The point is that there's a conflict and I guess this made sense then, but it's a problem nowadays. A documentation noise problem. Lots of people seem to get to it and consider it "the manual for Pd". We're still struggling with a post Pd Extended issue and what was consolidated in its era but now sits as ruins. Actually, Pd Vanilla's manual also refers to FLOSS Manuals. But these days we have something weird, which is simply the fact that Pure Data has these two manuals. One is the official one, included as part of Pd Vanilla and its documentation, and this other one, which is terribly outdated and actually refers to this unsupported and abandoned fork of Pd.

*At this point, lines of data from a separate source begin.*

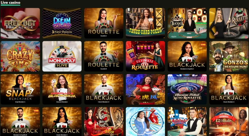 VÄr live casino-sektion ger den Àkta bordskÀnslan till din skÀrm med studiokvalitetsstreaming och ett utbud som inte stannar vid det grundlÀggande. Betrix Casino erbjuder för nÀrvarande 282 live casinospel, inklusive flera roulette- och blackjackalternativ frÄn respekterade liveleverantörer som Evolution, Ezugi och Pragmatic.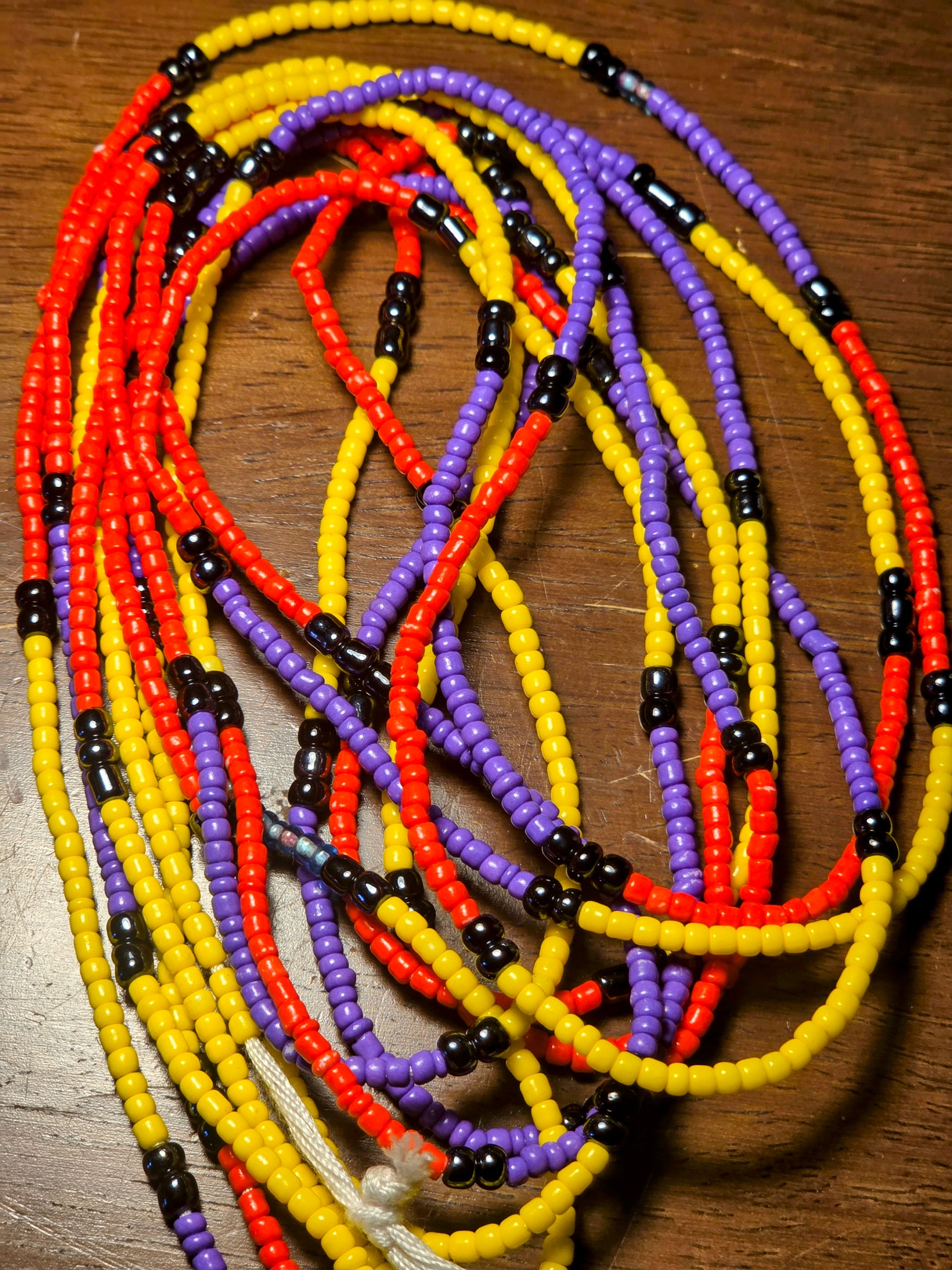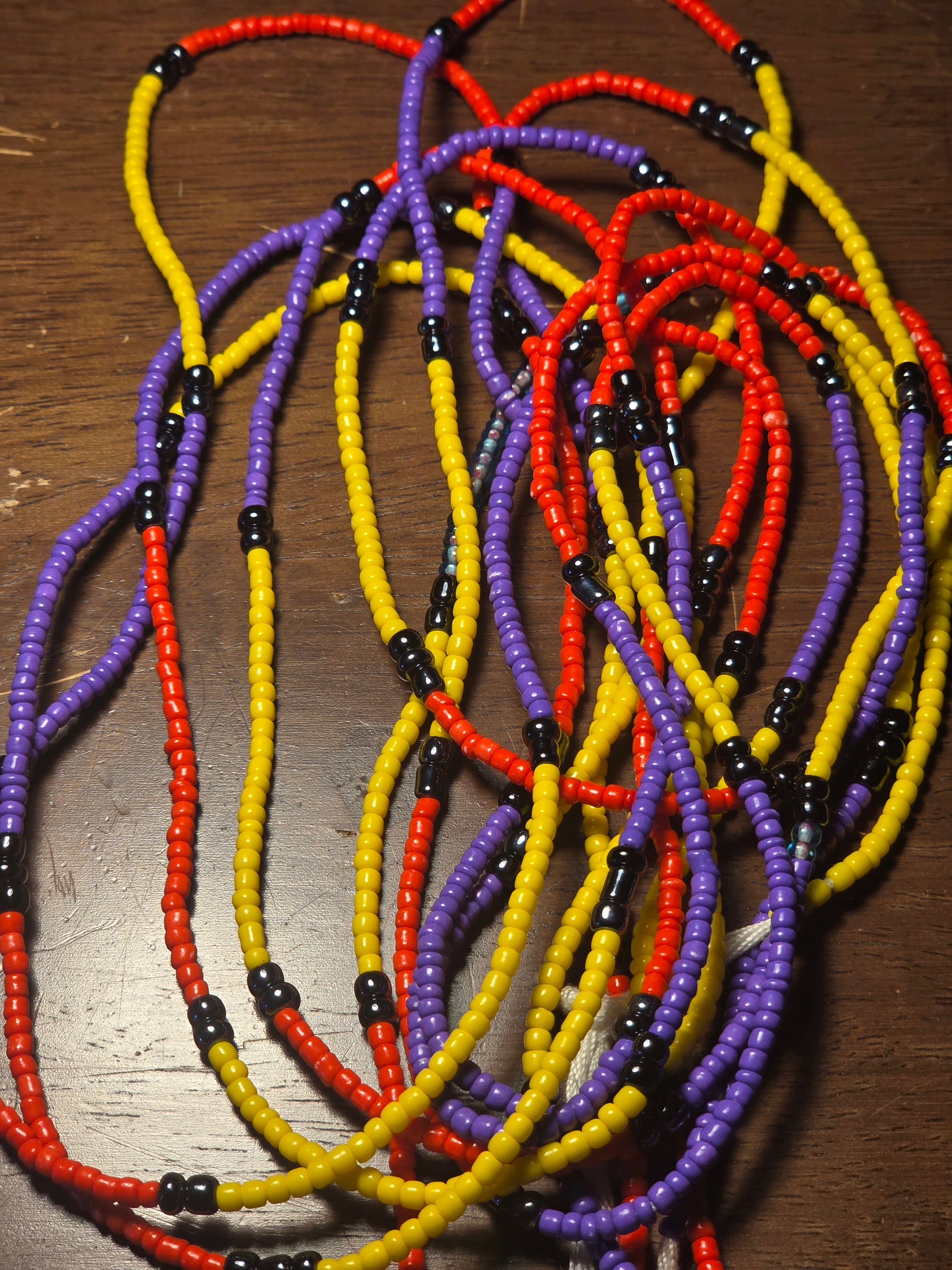 Solar Pulse radiates the rhythm of pure life force — where fire, spirit, and royalty intertwine. The bold red evokes passion and vitality, the golden yellow calls in joy and abundance, and the regal purple channels divine intuition. Accented with metallic gray beads that ground the energy, this strand celebrates balance between power and peace — a reminder that your light doesn’t just shine, it pulses with purpose.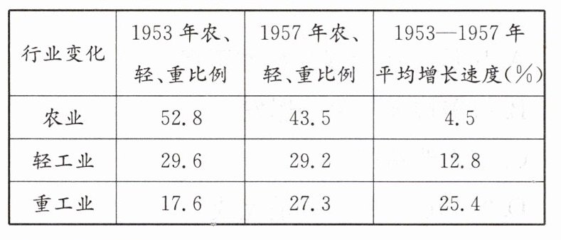 材料二 1953—1957年我国农业、轻工业和重工业产值增长速度和比重变化表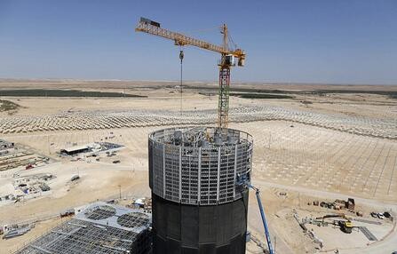 镜子用于聚集太阳光线,它们能像太阳花一样,根据太阳的移动路径,调整朝向。阿沙利姆塔远远看去,就像一座大灯塔。它的高度达到了240米,是世界上目前最高的太阳能塔。据了解,该项目将于2017年年底竣工,其发电电量将满足以色列12万户家庭的用电需求。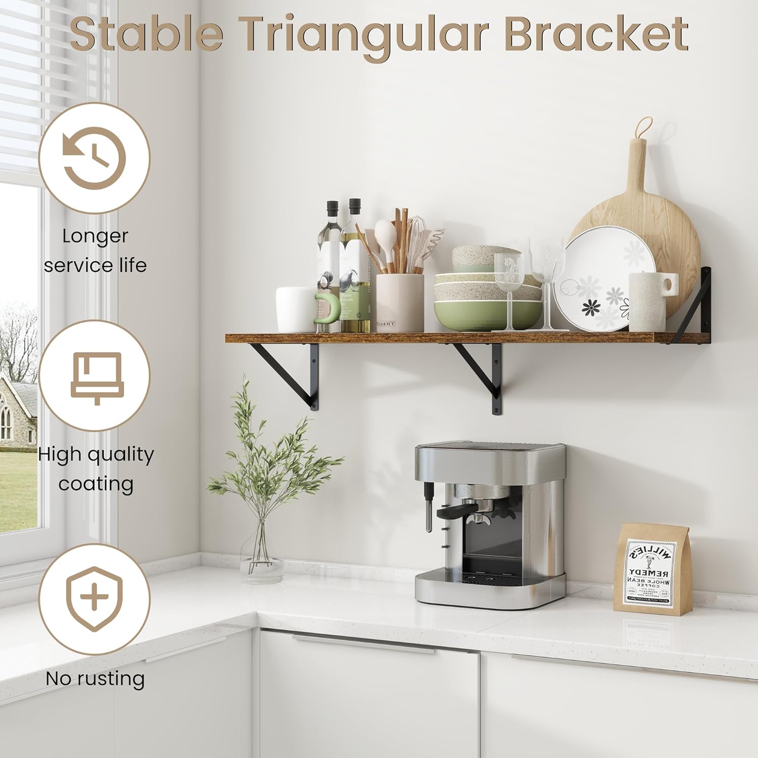 - Wall Decor and Storage: These classic and practical brown floating shelves are the perfect solution to transform blank, uninspiring walls into stylish, functional displays. Showcase your favorite books, collectibles, artwork, and more with ease, adding both character and organization to any room.

But the point is, one software cannot have two concurring Manuals, even if both are up to date - that'd be silly. The point of FLOSS is to provide the one and only official and single Manual for a piece of software. See the problem? Csound uses FLOSS Manuals as a place to provide its official manual. It's clearly linked in csound.com. Csound also has the 'Canonical Csound reference manual', which is actually something else and not to be confused with "The" manual they provide in FLOSS.
So, my point is we have to get rid of one of them and have a single official one.

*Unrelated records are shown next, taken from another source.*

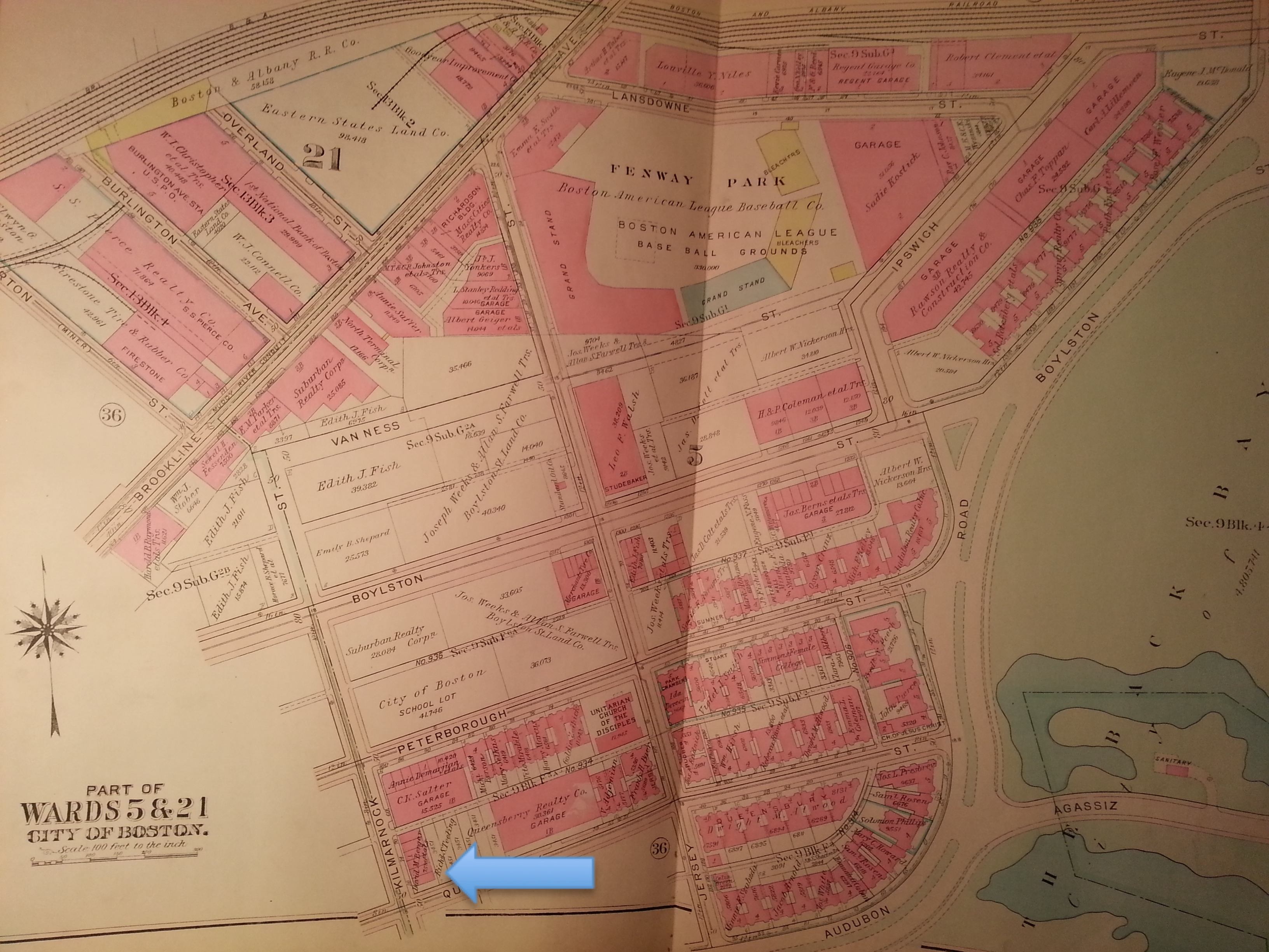 Figure 14. The building in the background in Figure 12 is highlighted on this map. Bromley 1928, via Massachusetts Institute of Technology Roach Library.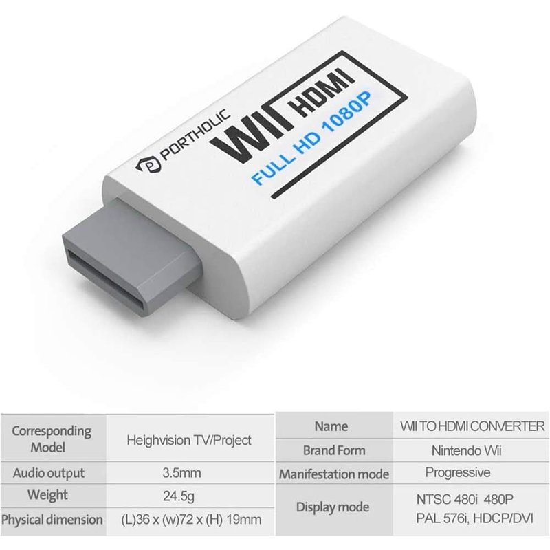 PORTHOLIC Wii to HDMI Converter 1080P for Full HD Device, Wii HDMI Adapter with 3,5mm Audio Jack&HDMI Output Compatible with Wii, Wii U, HDTV, Monitor-Supports All Wii Display Modes 720P, NTS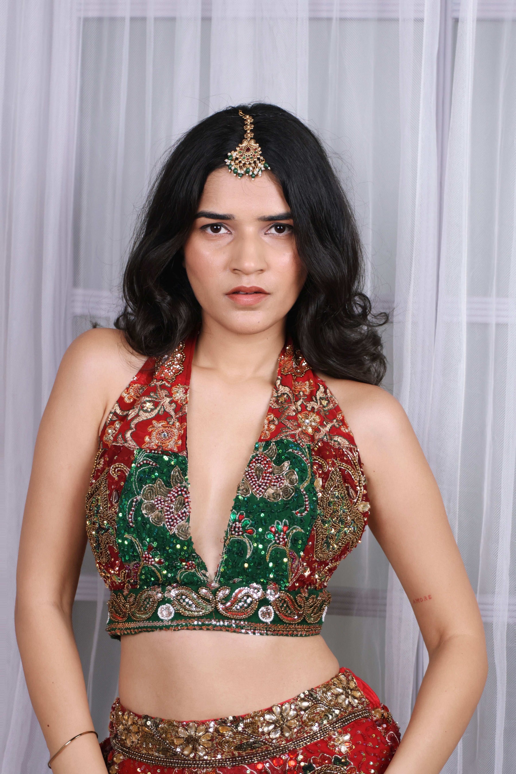 ✨ Halter Blouse: Deep plunge neckline in rich emerald green with intricate hand embroidery, mirror work, and golden embellishments.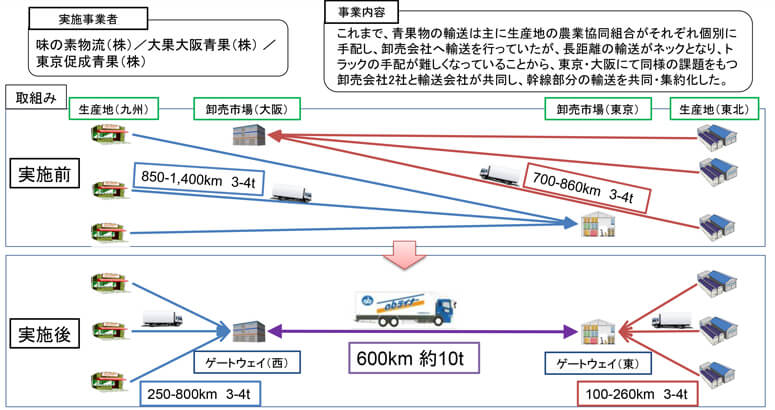 計画では、東北エリアから大阪、九州エリアから東京へ、複数台で個別に輸送されていた青果物輸送を、東北からのものは東京で、九州からのものは大阪で積み替え、東京・大阪間を1台のトラックに集約。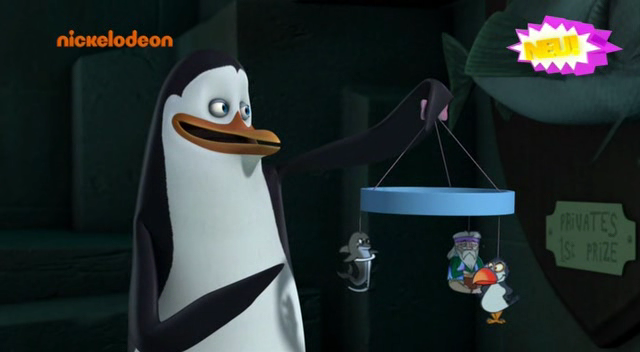 Hintergrund zur Storyline: Privates Schutzanzug aus seiner ersten Begegnung mit Barry kommt wieder zum Einsatz. Kowalski hat ein Mobile für Skipper mit seinen Erzfeinden.

Should we then remove the included and official manual from Pd and 'move it' to FLOSS and completely overhaul that online version?
Or just get rid of the FLOSS version? Well, that is there, and people know it. Burn it down, purge and disappear with it would be bad.
Well, I don't know, so I'm asking...
Another scenario is that FLOSS can still be around, of course, but as a museum piece, for those interested in web archeology, as extended is now an archeological piece of software. No one touches it, it stays there, but we try to make it clear how that is an old, outdated, unofficial and that Pd has its own 'real manual. This would help a lot. Or... also, treat it for what it is, a manual reference for Pd Extended, not Vanilla, and make it clear how Pd Extended is abandoned and so is this manual.
Other than these, the only option I see is we maintain and update these two manuals somehow. And I already said how I think that's pointless. I also don't know who'd do that... but maybe there'd be a way to manage them as two clearly distinct guides. One would be the 'Canonical Vanilla Manual' and the other could be 'The Pure Data Manual' (or some other name)? The question would be, why to do that? What is the advantage in keeping another FLOSS version around?
The thing I can think people like about the FLOSS version is:
- A: A friendlier look for beginners;
- B: A nice beginner level tutorial;
- C: Support for many externals, external libraries, how to use Arduino and stuff (more as a tutorial than a 'manual');
These can all be compensated. With 'A)', we can try and make the Pd manual look nicer maybe? As for the rest, what really seems to be the substance of this is the fact that it serves as a tutorial.
Well, a tutorial is not necessarily a "Manual".
We can add tutorials to Vanilla too... actually, even though it's based on Extended, many of the examples there are 'vanilla', so they can be easily ported and shipped as part of Vanilla!
As for tutorials that use externals. Well, they would really benefit from an update. But a tutorial is a tutorial, this could live somewhere else.
By the way, tutorials can easily be uploaded to deken and be available from there. You'd have a tutorial that relies on externals, but that's ok too (my live electronics tutorial comes as part of the ELSE download)... just give instructions in the tutorial on how to install the needed libraries from deken as well...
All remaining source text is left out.